Egypt is happening. After a couple of false starts, you’re finally going to see some of the most famous historic sites in the world. You’ll start in Cairo, of course. Giza, Aswan, and Luxor are all on your list. A Nile cruise is, too. Just don’t forget to schedule some downtime. You’ll be exhausted after all that running around.
Hurghada is the perfect place to end your trip. The beach town is only three-and-a-half hours from Luxor. It has long stretches of white sand against the calm, clear water of the Red Sea. Coral gardens, dive sites, and shipwrecks lie just offshore. The vast Arabian Desert—the fourth-largest desert in the world—sits right behind the narrow coastal city. While the temperature hovers right around 86 degrees all year.

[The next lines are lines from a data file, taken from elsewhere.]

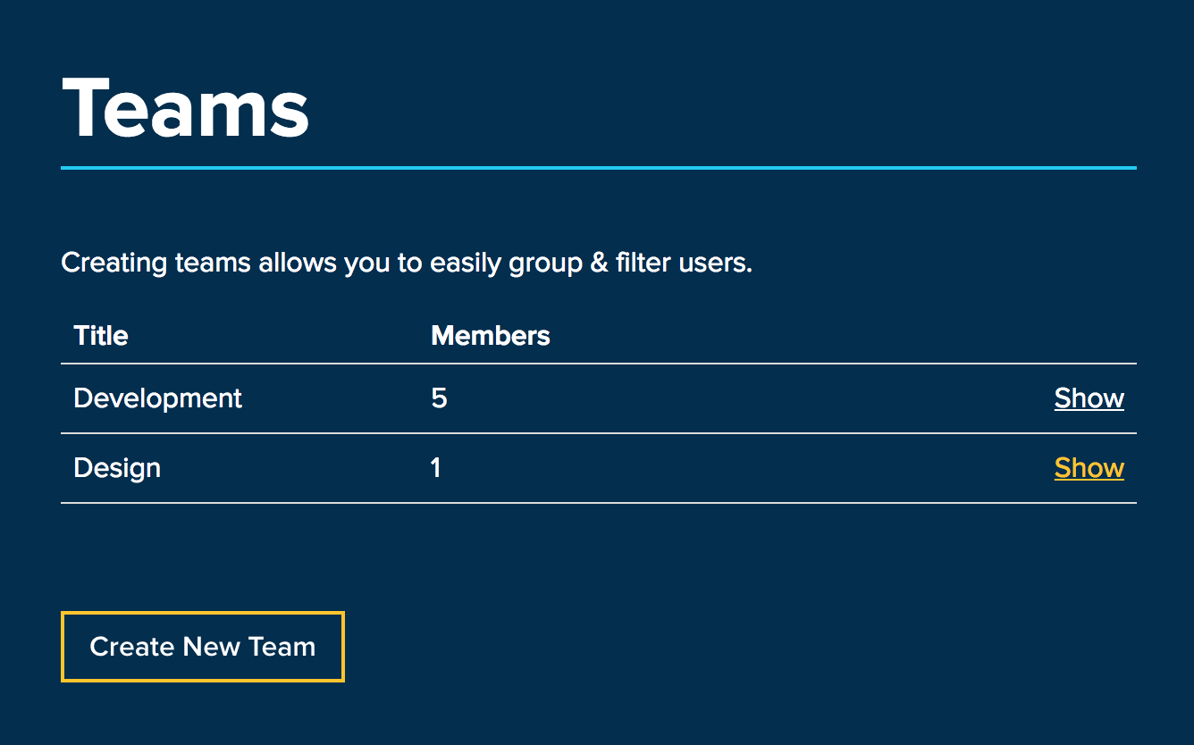 Teams provide an easy way to organize your users into groups.
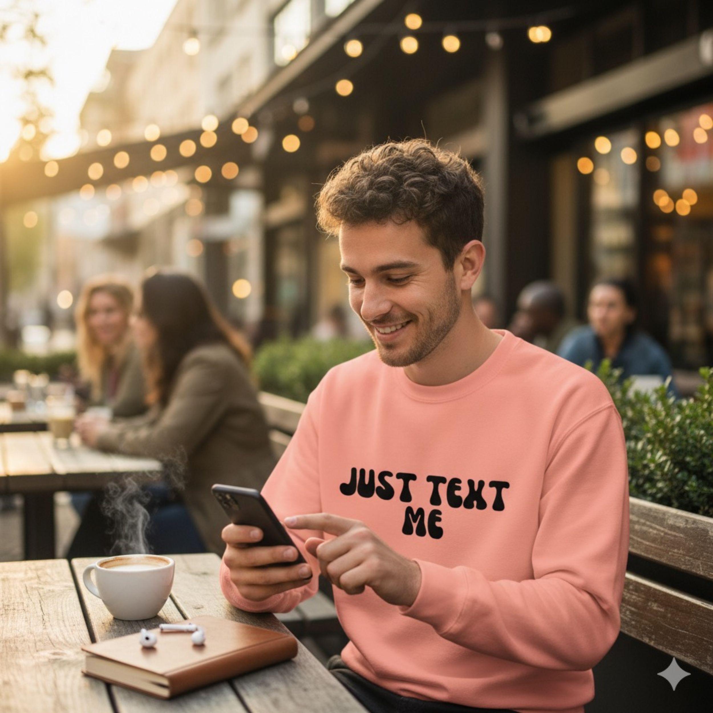 Upgrade your wardrobe with our "Just Text Me" sweatshirt today and add a touch of humor and style to your daily outfits. Whether you're treating yourself or looking for a unique gift for a loved one, this trendy aesthetic pullover is sure to impress. Don't miss out on this must-have piece for your closet.
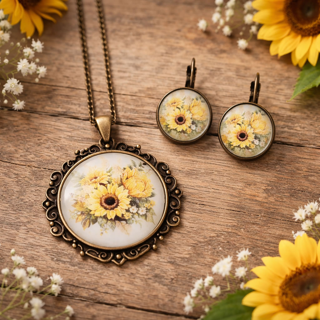 Acest set bijuterii Floarea Soarelui pandantiv si cercei bronz cu cabochon de sticla evidentiaza frumusetea si simbolistica profunda a uneia dintre cele mai luminoase flori. Setul este format din pandantiv si cercei in nuanta bronz, protejati de un cabochon din sticla care ofera profunzime, claritate si un aspect elegant.
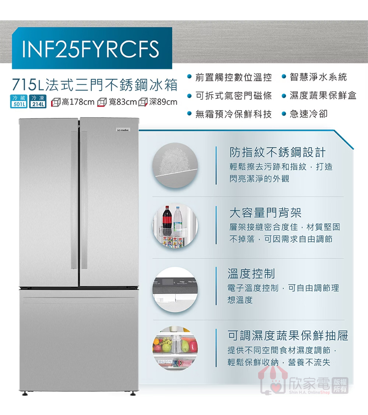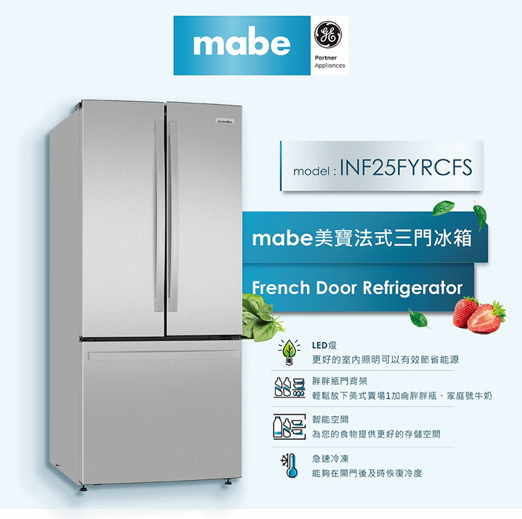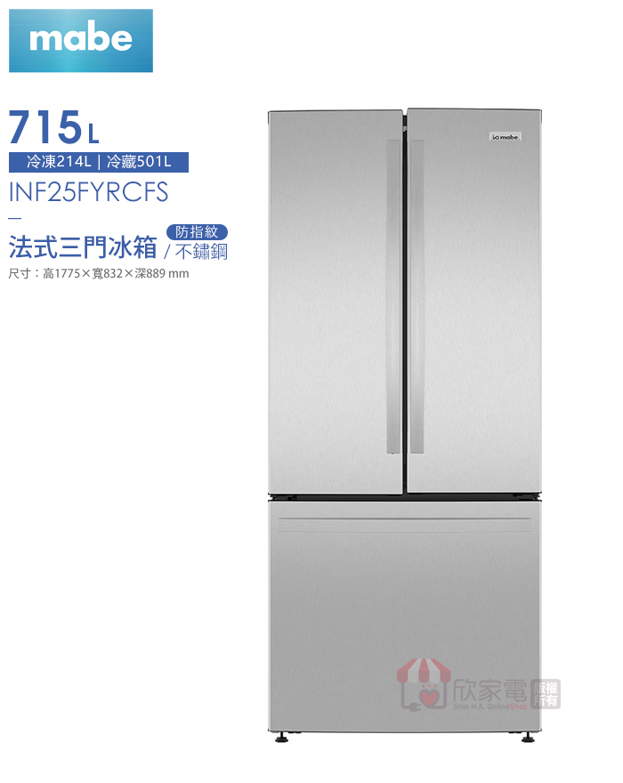 MABE 美寶 715公升 法式三門冰箱 -防指紋不鏽鋼

Until recently, Hurghada was a small fishing village. It was first settled in 1905. Scuba divers discovered it in the 1960s. But, due to the War of Attrition between Egypt and Israel, Hurghada didn’t develop into a resort town until the 1980s. That’s when new hotels, a pedestrian road, and even an aquarium were built around the traditional bazaar and cafes. Tour companies started offering windsurfing, parasailing, and jet skiing. Boats began ferrying people to uninhabited islands, where they could snorkel among huge schools of fish, just offshore. Plus quad bikes and camel rides became available farther inland. Europeans and Russians, looking to escape bitter cold winters, quickly caught on.
So you start putting your own Hurghada wish list together. In the morning, you want to ride a quad bike into the desert to have tea at a Bedouin camp before it gets too hot. You want to go scuba diving in the Thistlegorm, a British cargo vessel that German planes sank in 1941, to see motorcycles and rifles deep underwater. You want to plan a day trip to uninhabited Big Giftun Island to swim among angelfish, lionfish, and moray eels in the surrounding Abu-Rimata reef. Then you want to drink karkaday (hibiscus tea) and smoke flavored tobacco from a shisha pipe after haggling in the bazaar. It doesn’t take long for you to completely relax along the Red Sea.